**Your assignment:**
What you return must be the exact lines of the material below, from the first through the one that has "Nexel Platforms keep", with no pictures and, please, nothing else.

**Data section:**
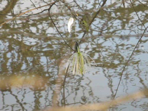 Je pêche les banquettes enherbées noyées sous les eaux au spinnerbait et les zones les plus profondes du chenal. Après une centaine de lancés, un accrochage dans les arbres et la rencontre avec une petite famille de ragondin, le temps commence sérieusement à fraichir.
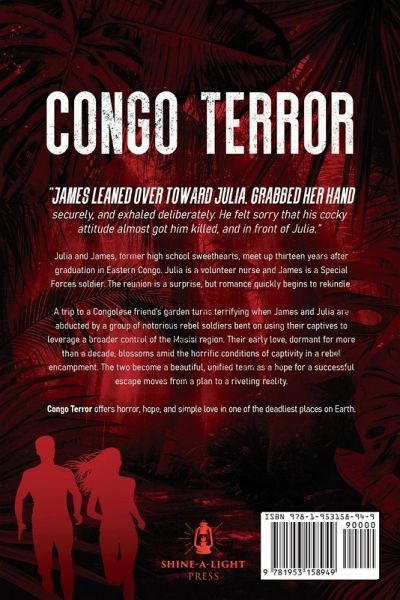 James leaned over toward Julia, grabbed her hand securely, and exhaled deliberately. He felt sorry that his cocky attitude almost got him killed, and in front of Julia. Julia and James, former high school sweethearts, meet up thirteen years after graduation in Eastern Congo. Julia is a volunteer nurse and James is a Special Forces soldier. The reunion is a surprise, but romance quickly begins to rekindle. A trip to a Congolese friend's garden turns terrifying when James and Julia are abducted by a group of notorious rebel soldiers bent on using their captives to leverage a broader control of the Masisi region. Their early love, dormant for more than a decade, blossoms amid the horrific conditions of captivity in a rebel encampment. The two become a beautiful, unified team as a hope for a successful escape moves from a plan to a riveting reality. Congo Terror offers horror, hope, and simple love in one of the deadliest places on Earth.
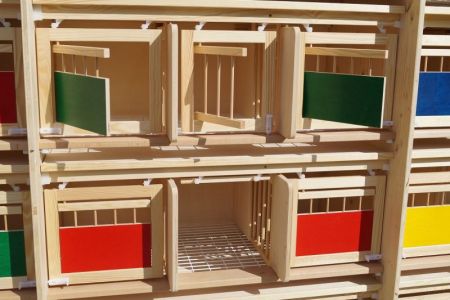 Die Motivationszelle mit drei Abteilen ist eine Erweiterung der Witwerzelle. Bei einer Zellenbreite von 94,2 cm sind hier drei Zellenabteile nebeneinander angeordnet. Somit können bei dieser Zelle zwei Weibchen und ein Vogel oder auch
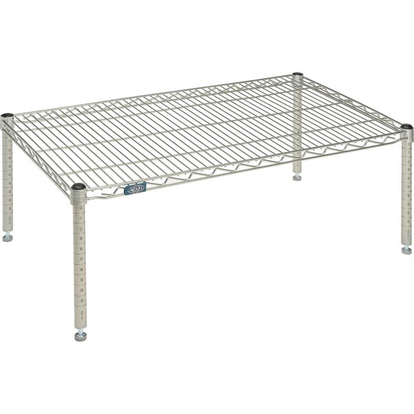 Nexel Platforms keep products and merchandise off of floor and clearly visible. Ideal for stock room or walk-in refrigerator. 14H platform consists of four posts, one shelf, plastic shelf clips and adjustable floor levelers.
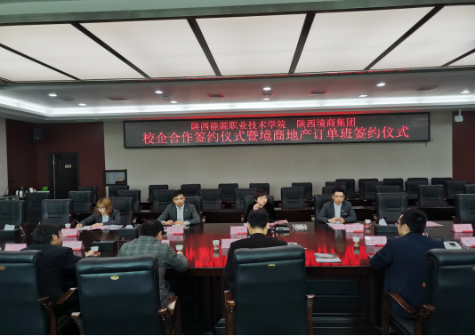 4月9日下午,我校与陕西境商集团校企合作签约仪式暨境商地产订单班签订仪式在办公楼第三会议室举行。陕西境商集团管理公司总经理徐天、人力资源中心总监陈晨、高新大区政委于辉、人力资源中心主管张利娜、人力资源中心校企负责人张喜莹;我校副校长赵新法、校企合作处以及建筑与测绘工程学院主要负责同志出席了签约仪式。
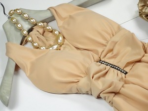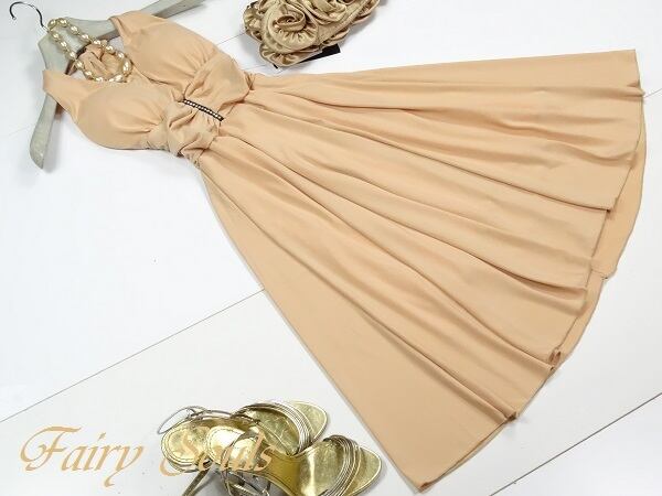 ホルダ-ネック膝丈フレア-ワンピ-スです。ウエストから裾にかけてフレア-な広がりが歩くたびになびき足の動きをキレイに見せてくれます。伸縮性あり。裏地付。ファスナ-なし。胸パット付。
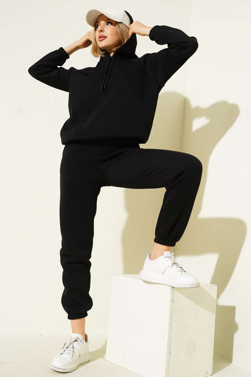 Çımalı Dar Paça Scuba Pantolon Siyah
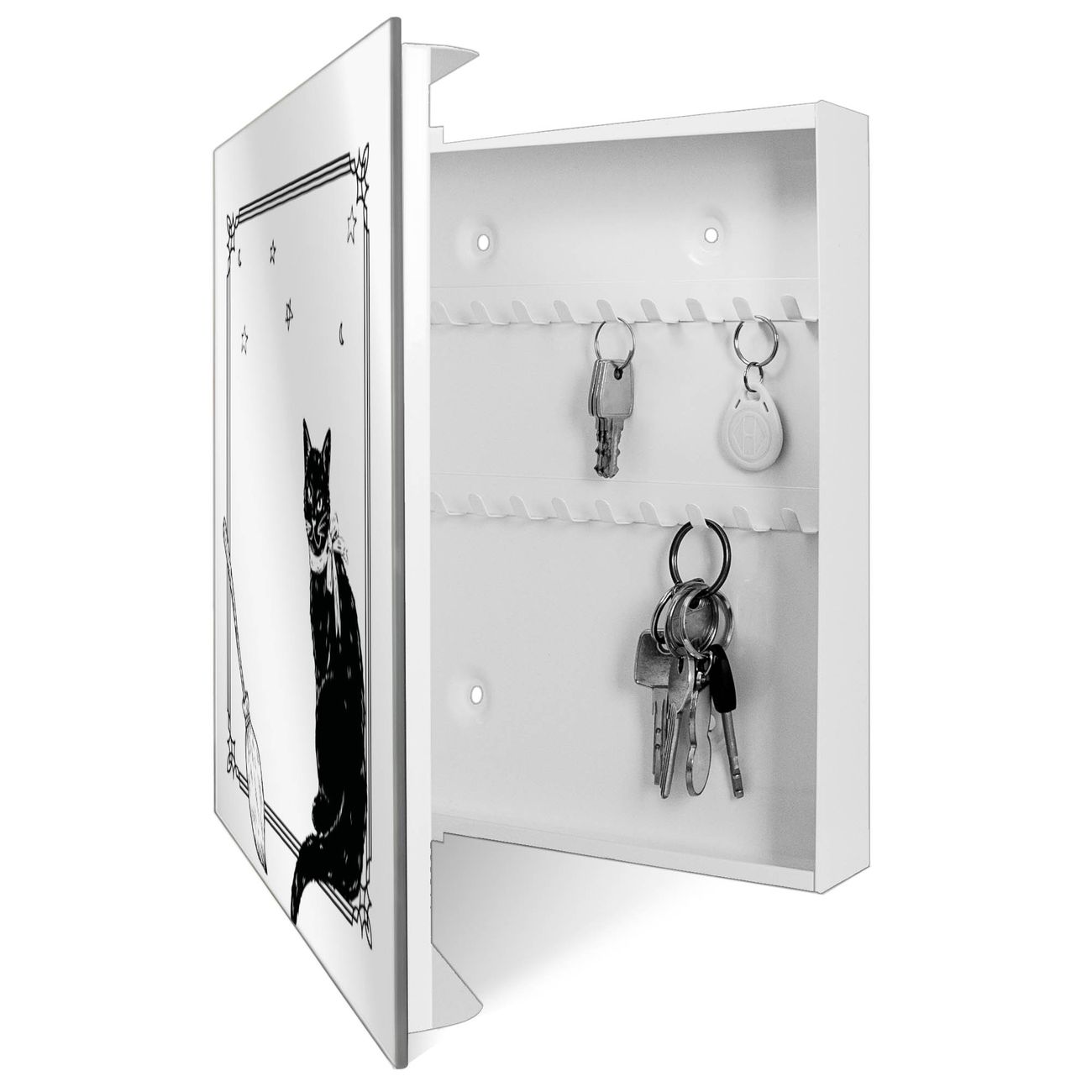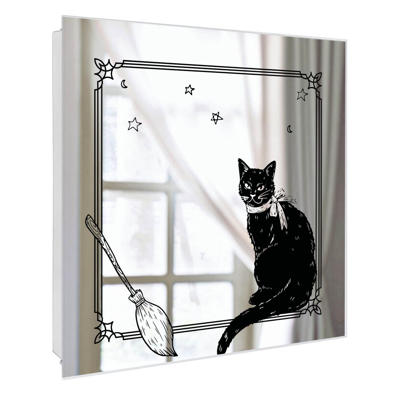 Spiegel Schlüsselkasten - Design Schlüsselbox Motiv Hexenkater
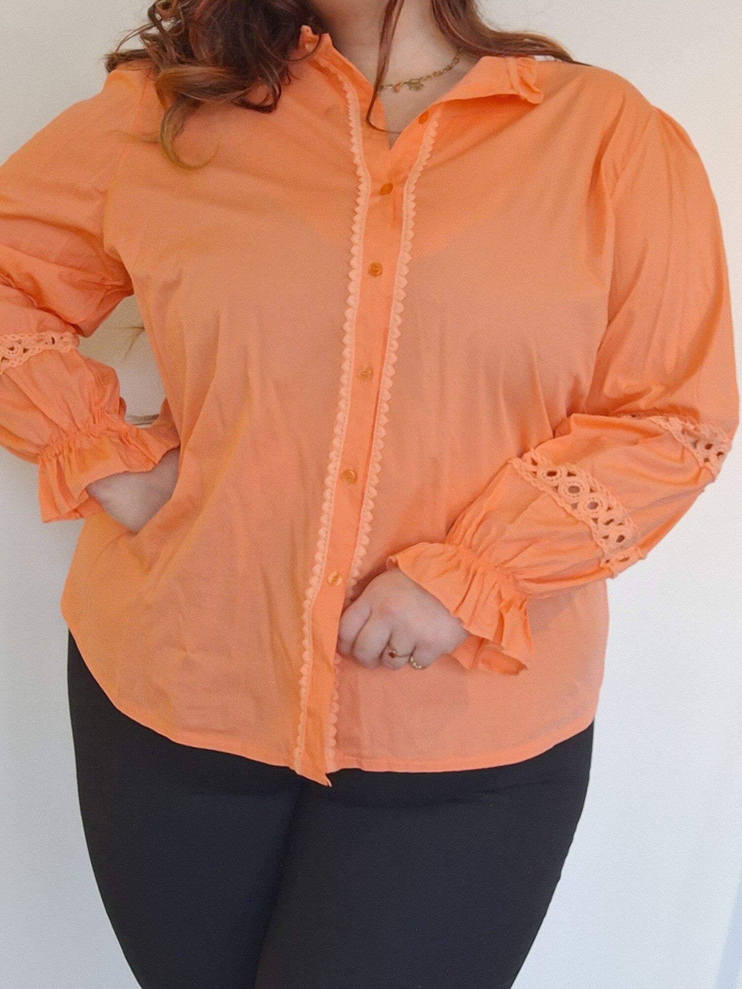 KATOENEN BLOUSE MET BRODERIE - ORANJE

**Reply:**
 Je pêche les banquettes enherbées noyées sous les eaux au spinnerbait et les zones les plus profondes du chenal. Après une centaine de lancés, un accrochage dans les arbres et la rencontre avec une petite famille de ragondin, le temps commence sérieusement à fraichir.
 James leaned over toward Julia, grabbed her hand securely, and exhaled deliberately. He felt sorry that his cocky attitude almost got him killed, and in front of Julia. Julia and James, former high school sweethearts, meet up thirteen years after graduation in Eastern Congo. Julia is a volunteer nurse and James is a Special Forces soldier. The reunion is a surprise, but romance quickly begins to rekindle. A trip to a Congolese friend's garden turns terrifying when James and Julia are abducted by a group of notorious rebel soldiers bent on using their captives to leverage a broader control of the Masisi region. Their early love, dormant for more than a decade, blossoms amid the horrific conditions of captivity in a rebel encampment. The two become a beautiful, unified team as a hope for a successful escape moves from a plan to a riveting reality. Congo Terror offers horror, hope, and simple love in one of the deadliest places on Earth.
 Die Motivationszelle mit drei Abteilen ist eine Erweiterung der Witwerzelle. Bei einer Zellenbreite von 94,2 cm sind hier drei Zellenabteile nebeneinander angeordnet. Somit können bei dieser Zelle zwei Weibchen und ein Vogel oder auch
 Nexel Platforms keep products and merchandise off of floor and clearly visible. Ideal for stock room or walk-in refrigerator. 14H platform consists of four posts, one shelf, plastic shelf clips and adjustable floor levelers.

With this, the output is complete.